### TASK TO CARRY OUT
From the entries below, retype only the lines from the one with "This paper constructs" through the one with "JEPXスポット単価・他社固定単価比較", exactly as written.

### EXTRACTED DATA

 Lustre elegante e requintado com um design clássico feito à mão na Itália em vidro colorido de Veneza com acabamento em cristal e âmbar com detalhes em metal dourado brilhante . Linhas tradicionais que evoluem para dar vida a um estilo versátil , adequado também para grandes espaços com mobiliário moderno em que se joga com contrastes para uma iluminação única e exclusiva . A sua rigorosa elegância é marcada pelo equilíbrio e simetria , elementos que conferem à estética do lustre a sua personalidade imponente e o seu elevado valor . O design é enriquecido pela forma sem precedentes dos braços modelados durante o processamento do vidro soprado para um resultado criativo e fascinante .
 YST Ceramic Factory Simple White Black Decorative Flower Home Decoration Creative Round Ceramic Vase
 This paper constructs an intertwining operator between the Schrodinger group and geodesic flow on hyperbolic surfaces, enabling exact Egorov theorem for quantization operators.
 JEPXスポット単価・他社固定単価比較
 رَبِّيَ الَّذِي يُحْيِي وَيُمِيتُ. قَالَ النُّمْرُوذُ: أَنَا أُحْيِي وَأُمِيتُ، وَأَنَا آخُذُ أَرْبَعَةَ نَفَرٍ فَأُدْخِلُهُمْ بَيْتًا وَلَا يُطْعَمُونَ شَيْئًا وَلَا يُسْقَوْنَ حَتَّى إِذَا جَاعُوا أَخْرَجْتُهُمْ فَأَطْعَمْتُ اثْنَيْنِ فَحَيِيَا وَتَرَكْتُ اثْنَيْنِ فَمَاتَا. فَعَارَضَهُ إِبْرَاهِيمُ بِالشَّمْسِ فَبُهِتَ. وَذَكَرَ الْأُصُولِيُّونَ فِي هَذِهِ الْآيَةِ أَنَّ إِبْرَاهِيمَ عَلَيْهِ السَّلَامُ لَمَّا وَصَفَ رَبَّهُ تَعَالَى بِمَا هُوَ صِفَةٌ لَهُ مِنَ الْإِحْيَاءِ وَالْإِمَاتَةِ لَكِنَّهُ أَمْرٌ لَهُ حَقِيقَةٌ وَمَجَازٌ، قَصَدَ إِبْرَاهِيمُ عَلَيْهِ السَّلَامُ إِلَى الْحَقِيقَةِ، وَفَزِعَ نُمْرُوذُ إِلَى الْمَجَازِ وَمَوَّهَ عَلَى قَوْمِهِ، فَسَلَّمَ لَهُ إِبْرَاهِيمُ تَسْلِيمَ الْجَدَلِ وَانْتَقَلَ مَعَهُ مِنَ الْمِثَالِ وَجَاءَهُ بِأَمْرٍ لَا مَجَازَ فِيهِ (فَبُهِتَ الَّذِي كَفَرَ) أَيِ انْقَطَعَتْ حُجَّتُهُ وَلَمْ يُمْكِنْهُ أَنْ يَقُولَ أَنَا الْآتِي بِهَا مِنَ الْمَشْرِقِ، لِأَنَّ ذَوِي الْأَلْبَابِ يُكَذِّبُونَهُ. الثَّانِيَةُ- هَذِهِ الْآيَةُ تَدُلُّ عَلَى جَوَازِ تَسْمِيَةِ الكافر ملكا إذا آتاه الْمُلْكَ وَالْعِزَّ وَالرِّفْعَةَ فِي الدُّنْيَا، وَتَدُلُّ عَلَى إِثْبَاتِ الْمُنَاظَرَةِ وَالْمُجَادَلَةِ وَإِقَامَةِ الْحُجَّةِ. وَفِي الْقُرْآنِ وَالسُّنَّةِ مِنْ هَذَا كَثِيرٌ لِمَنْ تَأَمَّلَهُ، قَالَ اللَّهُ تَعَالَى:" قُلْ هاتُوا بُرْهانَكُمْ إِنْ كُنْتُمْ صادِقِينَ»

* * *

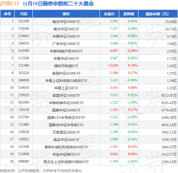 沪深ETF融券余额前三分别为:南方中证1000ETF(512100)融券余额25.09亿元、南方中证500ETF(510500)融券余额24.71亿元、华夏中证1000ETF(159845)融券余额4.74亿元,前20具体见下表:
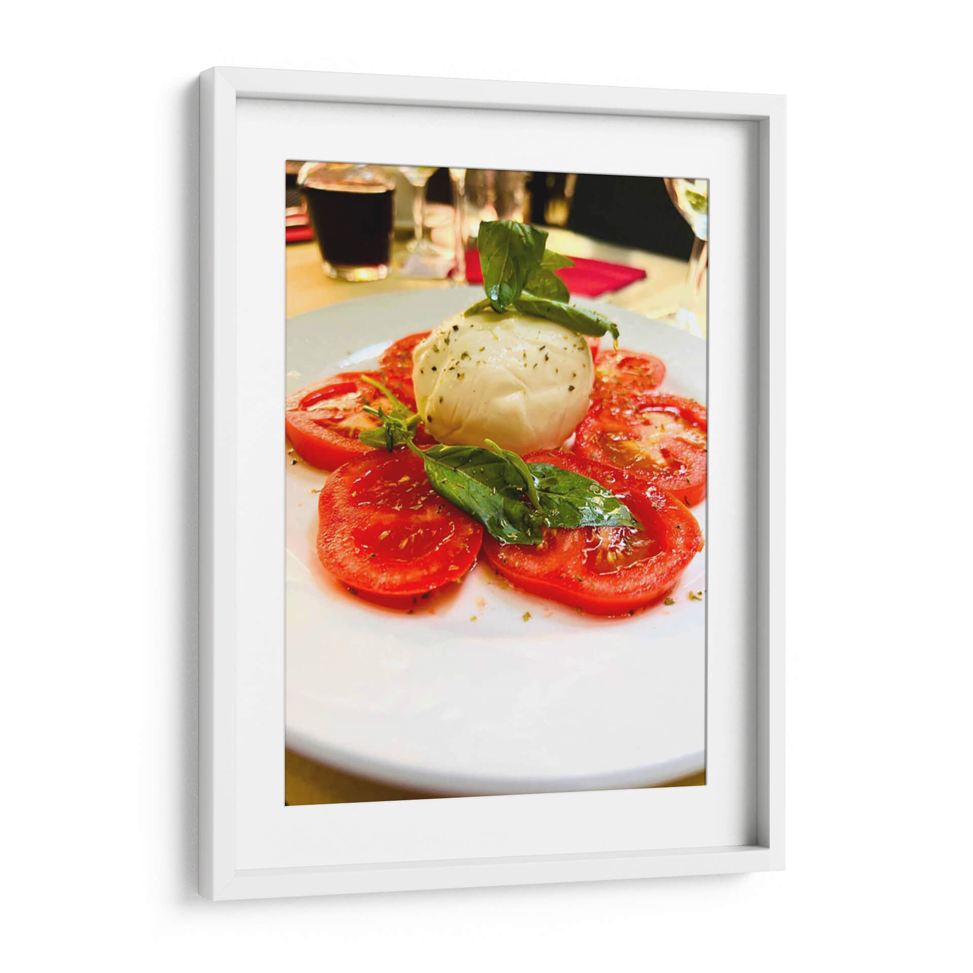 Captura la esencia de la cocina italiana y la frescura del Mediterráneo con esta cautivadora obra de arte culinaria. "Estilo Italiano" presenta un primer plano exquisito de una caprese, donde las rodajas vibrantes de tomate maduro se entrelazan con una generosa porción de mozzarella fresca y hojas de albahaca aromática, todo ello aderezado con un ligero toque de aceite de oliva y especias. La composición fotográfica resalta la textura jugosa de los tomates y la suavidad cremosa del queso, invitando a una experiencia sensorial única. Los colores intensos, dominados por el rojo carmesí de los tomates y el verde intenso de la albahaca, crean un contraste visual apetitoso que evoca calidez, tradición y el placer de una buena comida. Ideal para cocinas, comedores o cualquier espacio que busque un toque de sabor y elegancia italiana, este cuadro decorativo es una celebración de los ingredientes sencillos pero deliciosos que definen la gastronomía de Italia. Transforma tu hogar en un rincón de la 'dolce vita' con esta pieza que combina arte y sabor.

### ANSWER TO THE PROBLEM
 This paper constructs an intertwining operator between the Schrodinger group and geodesic flow on hyperbolic surfaces, enabling exact Egorov theorem for quantization operators.
 JEPXスポット単価・他社固定単価比較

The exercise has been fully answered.